Back to weddings etc.  Again I grew up in a culture where everyone was invited to a wedding.  It was a huge event where everyone came to celebrate and pitched into help.  Kids have always been welcome and at a wedding they start lunch early and the kids are taken to eat first.  It worked well.  All the guests were able to attend. There were numerous people to help out with the kids so Mom and Dad could get a break and it is desirable to go for this reason.  Granted there were no fussy table settings. There were flowers and thank you notes with sweeties, or some such and lunch and salad and pudding.  Tea afterward for close family at the house of the hosts. Kids were happily accommodated at all these venues.

Funerals too have kids and they are generally well behaved too. 

I think society has changed a lot.  Kids were acceptable everywhere and they were taught what appropriate behaviour is.  It was accepted without saying, that if you had kids, they were part of any invite.  Also, everyone pitches in to help. “it takes a village to raise a child”

There were no play areas attached to restaurants.  You went out to dinner; you sat at the table and ate.  Dinner was dinner and play time was playtime.  They did not happen at the same time, unless it was an occasion like a birthday party, where it was acceptable to run around and scream.  Again, however, you sat down to eat.  You washed up and sat at the table and ate when you were supposed to. 

I seem to have lost where I was going with this post….I think I am trying to say that society seems to have become intolerant of children and don’t realise there was a time when children were universally considered our wealth and precious gems.


5 responses »

  1. I agree completely. I think some of this is due to the lack of discipline in children these days. Like you say, we sat down and ate and behaved when we were in a setting that required it. These days I often see kids running around like hooligans, screaming and bothering others unnecessarily. I would have been given a hiding if I behaved like that!
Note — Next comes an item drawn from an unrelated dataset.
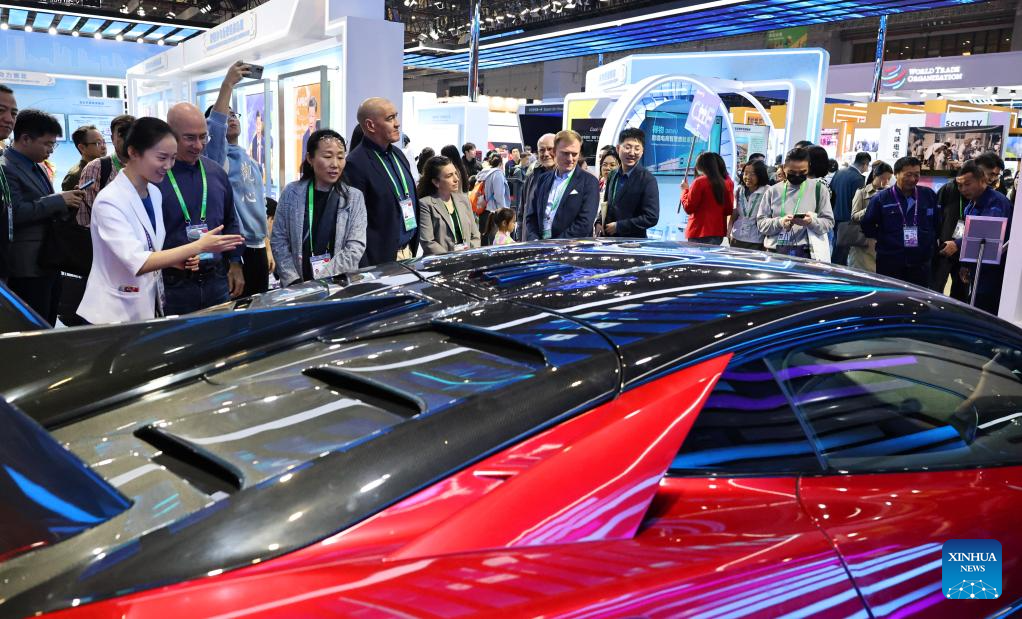 Guests view a new energy vehicle (NEV) of BYD, China's leading NEV manufacturer, at the China Pavilion during the eighth China International Import Expo (CIIE) in east China's Shanghai, Nov. 8, 2025. Over 30 foreign talents and their families were invited to visit the eighth CIIE at the National Convention and Exhibition Center (Shanghai) during a themed event on Saturday. (Xinhua/Fang Zhe)

  2. I completely agree with you that a child needs to go everywhere and be taught how to act in different social environments.

    It is also very important that a child has more than one role model. I always say that I’m responsible for her physical health and her mental growth but my friends need to teach her how to do make-up and nails. Ouma teaches her unconditional love, Daddy teaches her how a man should treat a woman etc etc etc.
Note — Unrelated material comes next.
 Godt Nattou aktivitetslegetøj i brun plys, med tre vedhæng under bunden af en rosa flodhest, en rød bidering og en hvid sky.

    We do need our villages back.

  3. Agreed… children used to be tolerated everywhere and now they’re considered a nuisance. We’re attending my sister-in-law’s wedding in March and the invitation stipulates no children, but she is insisting that Caleb attends… how will the other people feel? no thanks, I’m not up for that kind of animosity. I’d rather do what the invitation says and leave Caleb with my mom for the night.

  4. I agree with you- it can feel lonely sometimes to miss out on things, but I always tell friends that I’m parenting if I can’t make it to an event. I’d hardly ever get a babysitter. It also depends on the kids- some children are very well-behaved, while others have no boundaries in social situations around adults. That scares child-free people. Politeness and manners would get kids into far more places… That said, it’s not ok to be intolerant- after all, we were all kids once, and should remember that kids aren’t all perfectly behaved.